二少是不放过任何机会来贬低移除自己的情敌的,不,是前情敌,或者说是潜在情敌。他可没忘了,结婚那天,屈铭枫有意无意落在顾伊身上的覆杂深沈的视线。

“不知道,大概是……”顾伊眼眸一闪,剩下的话没有说出来。这个方面她早就考虑过,但是,需要用这么极端的手段吗?

“大概是什么?”楚炎鹤见顾伊欲言又止的样子,看着她莹白的贝齿咬着丰盈的下唇,吞下即将说出口的话,替她把话说完,“屈铭枫的母亲想法设法的弄坏你的名声,她得到的唯一的好处,便是可以让屈铭枫有借口和你离婚,然后,再在法庭上争取更多的权益。”比如说,财产。

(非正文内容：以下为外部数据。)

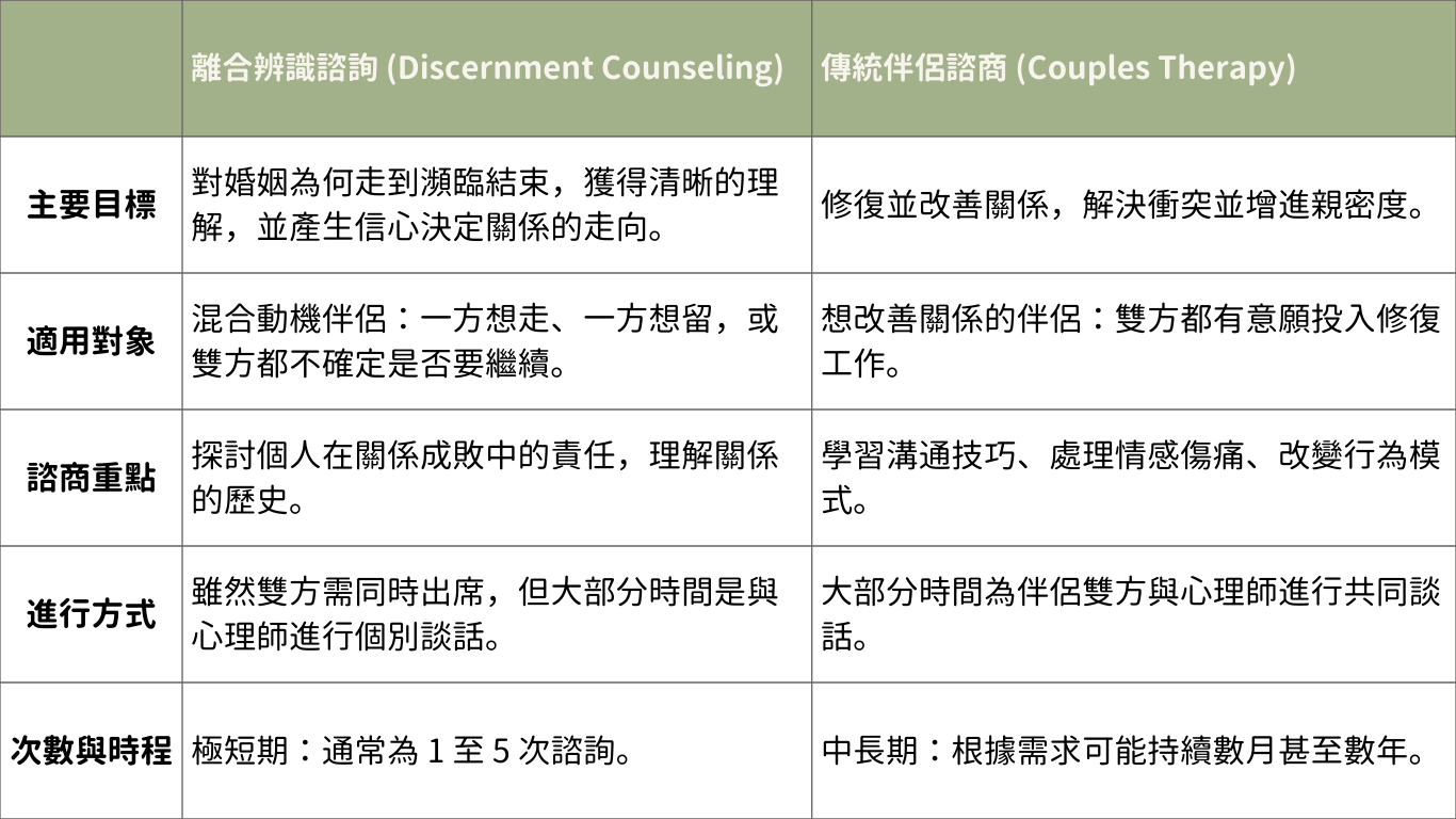 在這種時刻,直接進入以「修復關係」為目標的傳統伴侶諮商,往往會讓想離開的人感到壓力沉重,也讓想挽回的人感到挫折。這正是「離合辨識諮詢(Discernment Counseling)」發揮作用的時刻。

顾伊眼睫眨了眨,没有说话,显然,这个想法在她心中也是存在的。

“你母亲给你留下了很多遗产吧?”财产问题是一个很敏感的问题。楚炎鹤毫无忌讳的问出来,他问的坦荡,反而显得他无心于那些身外之物。

“嗯?”顾伊抬眸,疑惑的视线与楚炎鹤的深邃双眸在空中相撞,顾伊点点头,又摇摇头,“如果是为了财产的话,她把我好好的留在屈家,不是得到的更多,与我离婚了,还得被我分去一些,反而倒是不划算了。”

楚炎鹤凝眉,是的,守住了顾伊,便是守住了财库,何苦着要搞这么多的事情?

而且,这件事,屈铭枫知不知道?有没有参与进去?知道这件事实情的还有谁?楚炎鹤在心中把可能的人数了数,杨蔚微应该是跑不掉的。这么个拉下顾伊,趁机上位的好机会,杨蔚微肯定会好好把握,说不定主意还是她出的呢。

还是说……后来的事也与屈母有关?

楚炎鹤隐藏起不受控制的怀疑情绪,他现在毕竟没有证据,不能仅凭猜测来断定一个人的罪行。不过,回想屈铭枫第一次见到顾伊的情景,他似乎很庆幸顾伊没事,还活着,他记得屈铭枫眼裏隐藏不住的欣喜。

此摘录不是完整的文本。